▸ **Exercise description**: For the data that follows, return each line unchanged and drop the pictures.

▸ **Data shown**:
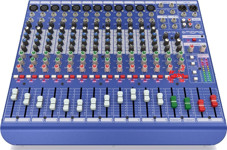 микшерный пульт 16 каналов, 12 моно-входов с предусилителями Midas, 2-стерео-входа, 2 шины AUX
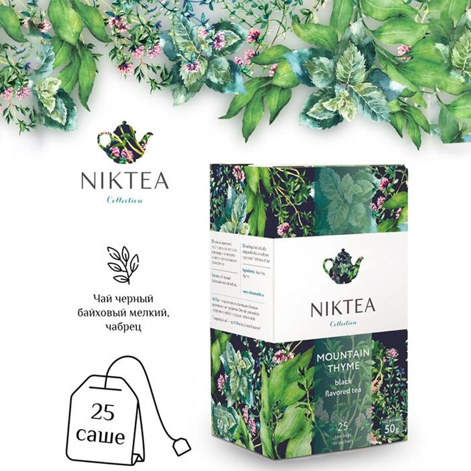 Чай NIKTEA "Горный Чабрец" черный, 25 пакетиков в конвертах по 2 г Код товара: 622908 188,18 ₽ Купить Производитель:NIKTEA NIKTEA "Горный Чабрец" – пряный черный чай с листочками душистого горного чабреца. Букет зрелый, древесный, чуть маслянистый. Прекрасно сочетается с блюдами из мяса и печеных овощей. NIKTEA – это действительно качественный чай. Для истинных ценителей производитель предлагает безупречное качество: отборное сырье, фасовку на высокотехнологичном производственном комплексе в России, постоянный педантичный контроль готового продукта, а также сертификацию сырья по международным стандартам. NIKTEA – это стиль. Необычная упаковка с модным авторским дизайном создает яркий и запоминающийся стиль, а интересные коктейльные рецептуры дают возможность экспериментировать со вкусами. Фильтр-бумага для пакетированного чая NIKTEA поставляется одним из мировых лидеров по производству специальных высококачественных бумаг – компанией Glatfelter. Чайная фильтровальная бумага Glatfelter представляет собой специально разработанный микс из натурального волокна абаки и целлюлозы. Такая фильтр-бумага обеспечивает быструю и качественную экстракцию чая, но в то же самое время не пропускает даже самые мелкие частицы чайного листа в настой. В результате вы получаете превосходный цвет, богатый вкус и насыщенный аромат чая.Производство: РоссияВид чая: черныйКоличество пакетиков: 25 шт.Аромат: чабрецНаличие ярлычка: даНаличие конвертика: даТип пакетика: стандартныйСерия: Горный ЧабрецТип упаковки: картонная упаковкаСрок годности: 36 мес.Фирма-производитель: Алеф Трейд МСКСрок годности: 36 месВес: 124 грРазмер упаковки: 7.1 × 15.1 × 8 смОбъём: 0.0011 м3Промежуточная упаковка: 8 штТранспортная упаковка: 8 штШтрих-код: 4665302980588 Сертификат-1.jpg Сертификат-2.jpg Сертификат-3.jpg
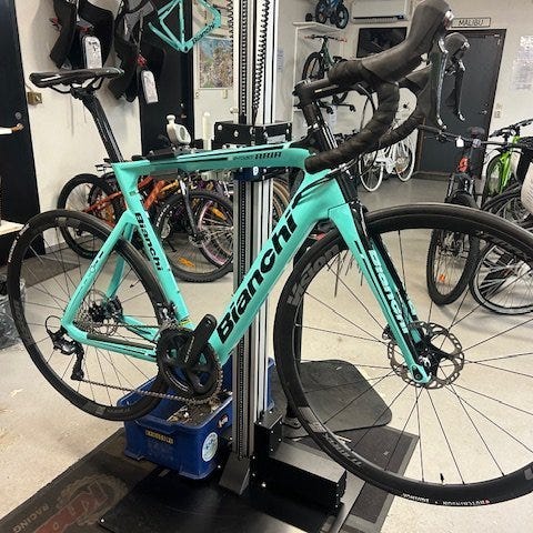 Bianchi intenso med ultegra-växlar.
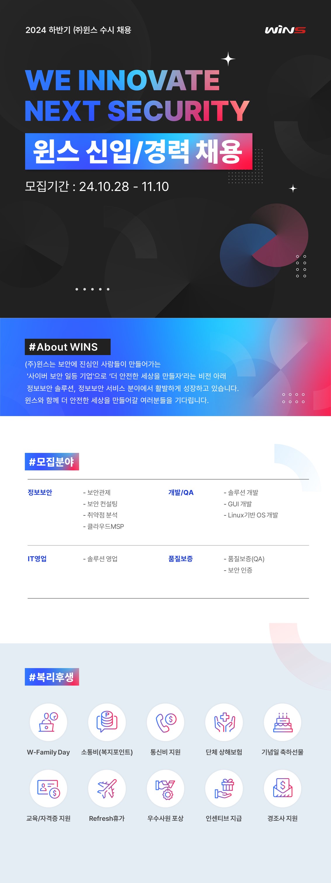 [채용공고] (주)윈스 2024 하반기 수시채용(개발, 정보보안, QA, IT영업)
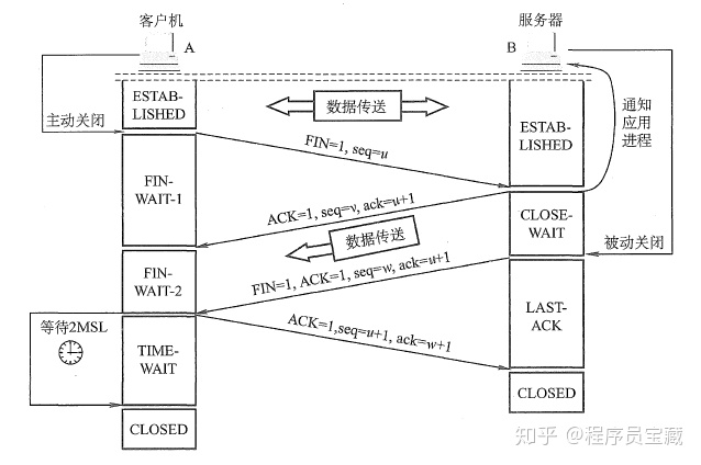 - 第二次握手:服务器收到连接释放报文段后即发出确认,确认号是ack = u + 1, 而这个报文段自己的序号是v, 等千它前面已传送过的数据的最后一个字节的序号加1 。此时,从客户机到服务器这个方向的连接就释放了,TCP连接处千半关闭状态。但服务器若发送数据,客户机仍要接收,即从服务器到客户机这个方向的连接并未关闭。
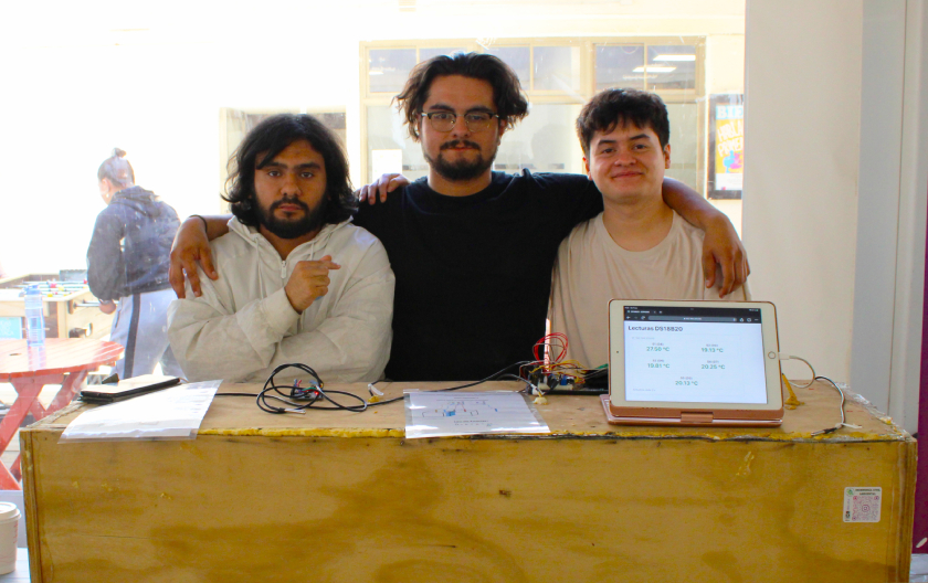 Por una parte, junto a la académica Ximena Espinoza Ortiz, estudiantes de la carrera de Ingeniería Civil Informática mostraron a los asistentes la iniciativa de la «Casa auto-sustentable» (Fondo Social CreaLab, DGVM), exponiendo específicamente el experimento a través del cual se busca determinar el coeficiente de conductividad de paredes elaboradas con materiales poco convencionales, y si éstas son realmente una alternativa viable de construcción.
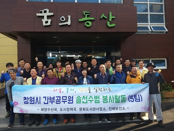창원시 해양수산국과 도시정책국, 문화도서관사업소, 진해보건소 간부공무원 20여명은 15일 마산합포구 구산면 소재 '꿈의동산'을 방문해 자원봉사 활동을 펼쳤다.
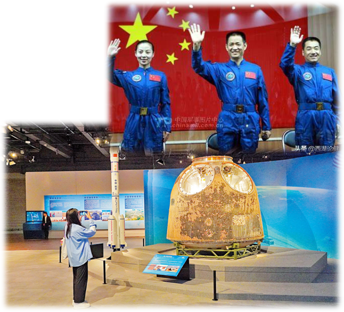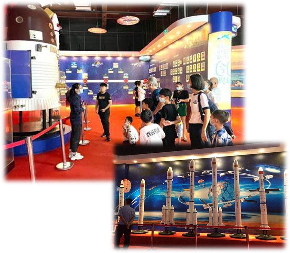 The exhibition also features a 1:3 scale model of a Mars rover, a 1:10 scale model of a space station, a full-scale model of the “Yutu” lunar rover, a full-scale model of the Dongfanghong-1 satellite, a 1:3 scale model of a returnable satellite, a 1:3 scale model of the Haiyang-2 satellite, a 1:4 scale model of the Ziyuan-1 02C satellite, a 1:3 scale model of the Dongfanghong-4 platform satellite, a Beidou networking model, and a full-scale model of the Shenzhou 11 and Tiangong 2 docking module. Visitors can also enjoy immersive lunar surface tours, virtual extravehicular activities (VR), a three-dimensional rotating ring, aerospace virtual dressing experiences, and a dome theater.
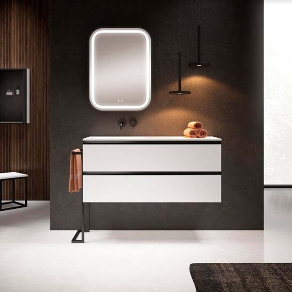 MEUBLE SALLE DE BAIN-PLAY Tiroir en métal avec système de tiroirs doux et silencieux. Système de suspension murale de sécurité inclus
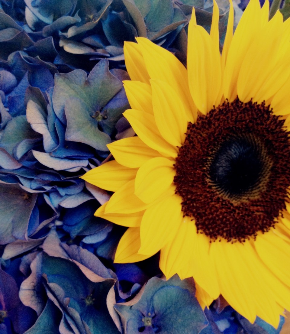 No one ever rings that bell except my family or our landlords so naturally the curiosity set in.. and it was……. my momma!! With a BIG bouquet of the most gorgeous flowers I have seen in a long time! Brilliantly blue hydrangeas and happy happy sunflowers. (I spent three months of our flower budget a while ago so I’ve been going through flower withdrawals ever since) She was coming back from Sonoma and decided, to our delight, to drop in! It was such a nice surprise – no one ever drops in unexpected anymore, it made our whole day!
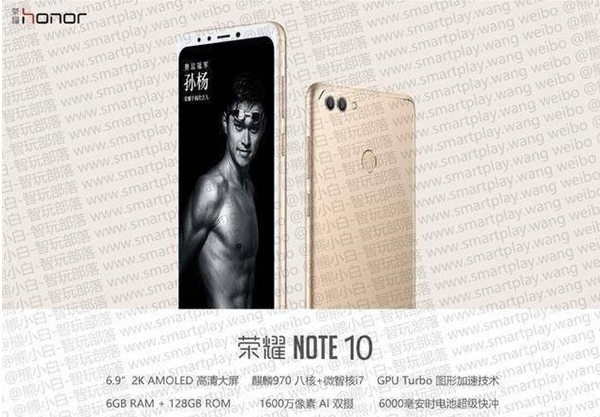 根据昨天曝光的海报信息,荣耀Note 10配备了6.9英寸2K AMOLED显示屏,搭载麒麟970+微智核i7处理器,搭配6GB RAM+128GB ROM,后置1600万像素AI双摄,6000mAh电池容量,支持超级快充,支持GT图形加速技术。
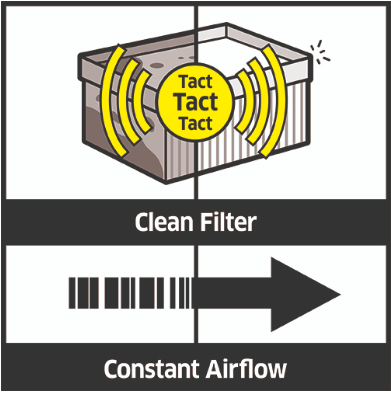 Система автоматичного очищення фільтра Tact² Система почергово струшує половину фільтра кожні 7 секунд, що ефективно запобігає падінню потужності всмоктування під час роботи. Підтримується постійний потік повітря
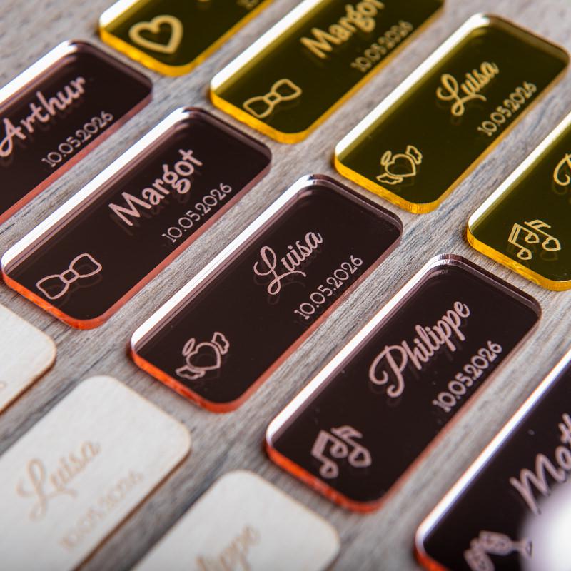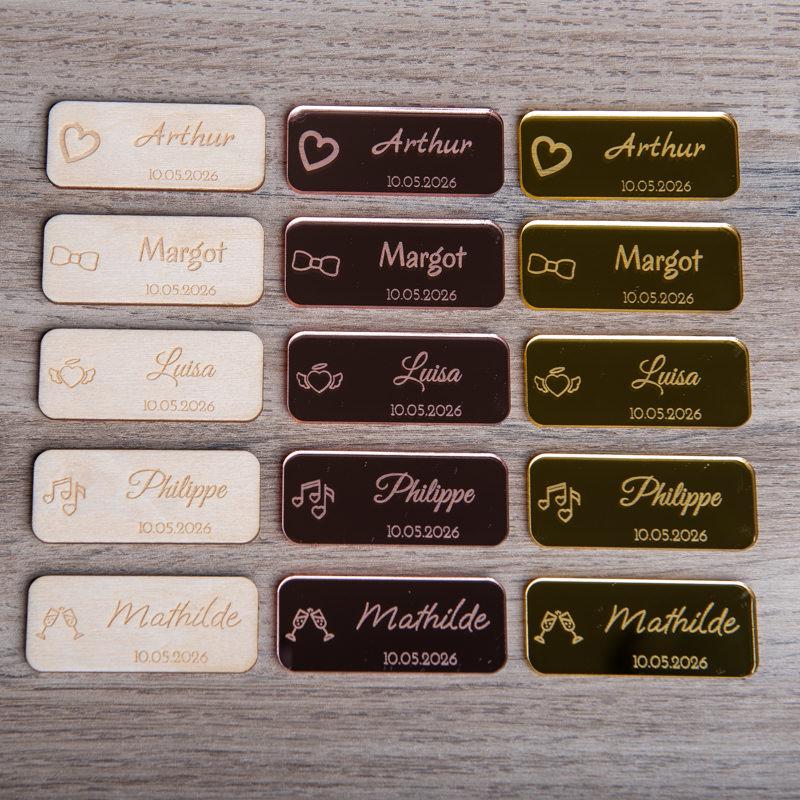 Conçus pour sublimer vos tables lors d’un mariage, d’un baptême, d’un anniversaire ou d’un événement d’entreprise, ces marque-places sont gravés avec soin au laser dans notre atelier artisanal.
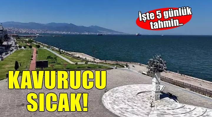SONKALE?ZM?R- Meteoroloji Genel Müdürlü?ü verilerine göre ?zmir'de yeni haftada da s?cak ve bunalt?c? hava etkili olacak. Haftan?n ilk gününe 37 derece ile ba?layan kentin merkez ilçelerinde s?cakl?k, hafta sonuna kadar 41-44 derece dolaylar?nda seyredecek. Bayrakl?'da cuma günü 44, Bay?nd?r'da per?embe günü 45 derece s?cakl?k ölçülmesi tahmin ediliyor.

▸ **The completed task**:
 микшерный пульт 16 каналов, 12 моно-входов с предусилителями Midas, 2-стерео-входа, 2 шины AUX
 Чай NIKTEA "Горный Чабрец" черный, 25 пакетиков в конвертах по 2 г Код товара: 622908 188,18 ₽ Купить Производитель:NIKTEA NIKTEA "Горный Чабрец" – пряный черный чай с листочками душистого горного чабреца. Букет зрелый, древесный, чуть маслянистый. Прекрасно сочетается с блюдами из мяса и печеных овощей. NIKTEA – это действительно качественный чай. Для истинных ценителей производитель предлагает безупречное качество: отборное сырье, фасовку на высокотехнологичном производственном комплексе в России, постоянный педантичный контроль готового продукта, а также сертификацию сырья по международным стандартам. NIKTEA – это стиль. Необычная упаковка с модным авторским дизайном создает яркий и запоминающийся стиль, а интересные коктейльные рецептуры дают возможность экспериментировать со вкусами. Фильтр-бумага для пакетированного чая NIKTEA поставляется одним из мировых лидеров по производству специальных высококачественных бумаг – компанией Glatfelter. Чайная фильтровальная бумага Glatfelter представляет собой специально разработанный микс из натурального волокна абаки и целлюлозы. Такая фильтр-бумага обеспечивает быструю и качественную экстракцию чая, но в то же самое время не пропускает даже самые мелкие частицы чайного листа в настой. В результате вы получаете превосходный цвет, богатый вкус и насыщенный аромат чая.Производство: РоссияВид чая: черныйКоличество пакетиков: 25 шт.Аромат: чабрецНаличие ярлычка: даНаличие конвертика: даТип пакетика: стандартныйСерия: Горный ЧабрецТип упаковки: картонная упаковкаСрок годности: 36 мес.Фирма-производитель: Алеф Трейд МСКСрок годности: 36 месВес: 124 грРазмер упаковки: 7.1 × 15.1 × 8 смОбъём: 0.0011 м3Промежуточная упаковка: 8 штТранспортная упаковка: 8 штШтрих-код: 4665302980588 Сертификат-1.jpg Сертификат-2.jpg Сертификат-3.jpg
 Bianchi intenso med ultegra-växlar.
 [채용공고] (주)윈스 2024 하반기 수시채용(개발, 정보보안, QA, IT영업)
 - 第二次握手:服务器收到连接释放报文段后即发出确认,确认号是ack = u + 1, 而这个报文段自己的序号是v, 等千它前面已传送过的数据的最后一个字节的序号加1 。此时,从客户机到服务器这个方向的连接就释放了,TCP连接处千半关闭状态。但服务器若发送数据,客户机仍要接收,即从服务器到客户机这个方向的连接并未关闭。
 Por una parte, junto a la académica Ximena Espinoza Ortiz, estudiantes de la carrera de Ingeniería Civil Informática mostraron a los asistentes la iniciativa de la «Casa auto-sustentable» (Fondo Social CreaLab, DGVM), exponiendo específicamente el experimento a través del cual se busca determinar el coeficiente de conductividad de paredes elaboradas con materiales poco convencionales, y si éstas son realmente una alternativa viable de construcción.
창원시 해양수산국과 도시정책국, 문화도서관사업소, 진해보건소 간부공무원 20여명은 15일 마산합포구 구산면 소재 '꿈의동산'을 방문해 자원봉사 활동을 펼쳤다.
 The exhibition also features a 1:3 scale model of a Mars rover, a 1:10 scale model of a space station, a full-scale model of the “Yutu” lunar rover, a full-scale model of the Dongfanghong-1 satellite, a 1:3 scale model of a returnable satellite, a 1:3 scale model of the Haiyang-2 satellite, a 1:4 scale model of the Ziyuan-1 02C satellite, a 1:3 scale model of the Dongfanghong-4 platform satellite, a Beidou networking model, and a full-scale model of the Shenzhou 11 and Tiangong 2 docking module. Visitors can also enjoy immersive lunar surface tours, virtual extravehicular activities (VR), a three-dimensional rotating ring, aerospace virtual dressing experiences, and a dome theater.
 MEUBLE SALLE DE BAIN-PLAY Tiroir en métal avec système de tiroirs doux et silencieux. Système de suspension murale de sécurité inclus
 No one ever rings that bell except my family or our landlords so naturally the curiosity set in.. and it was……. my momma!! With a BIG bouquet of the most gorgeous flowers I have seen in a long time! Brilliantly blue hydrangeas and happy happy sunflowers. (I spent three months of our flower budget a while ago so I’ve been going through flower withdrawals ever since) She was coming back from Sonoma and decided, to our delight, to drop in! It was such a nice surprise – no one ever drops in unexpected anymore, it made our whole day!
 根据昨天曝光的海报信息,荣耀Note 10配备了6.9英寸2K AMOLED显示屏,搭载麒麟970+微智核i7处理器,搭配6GB RAM+128GB ROM,后置1600万像素AI双摄,6000mAh电池容量,支持超级快充,支持GT图形加速技术。
 Система автоматичного очищення фільтра Tact² Система почергово струшує половину фільтра кожні 7 секунд, що ефективно запобігає падінню потужності всмоктування під час роботи. Підтримується постійний потік повітря
 Conçus pour sublimer vos tables lors d’un mariage, d’un baptême, d’un anniversaire ou d’un événement d’entreprise, ces marque-places sont gravés avec soin au laser dans notre atelier artisanal.
SONKALE?ZM?R- Meteoroloji Genel Müdürlü?ü verilerine göre ?zmir'de yeni haftada da s?cak ve bunalt?c? hava etkili olacak. Haftan?n ilk gününe 37 derece ile ba?layan kentin merkez ilçelerinde s?cakl?k, hafta sonuna kadar 41-44 derece dolaylar?nda seyredecek. Bayrakl?'da cuma günü 44, Bay?nd?r'da per?embe günü 45 derece s?cakl?k ölçülmesi tahmin ediliyor.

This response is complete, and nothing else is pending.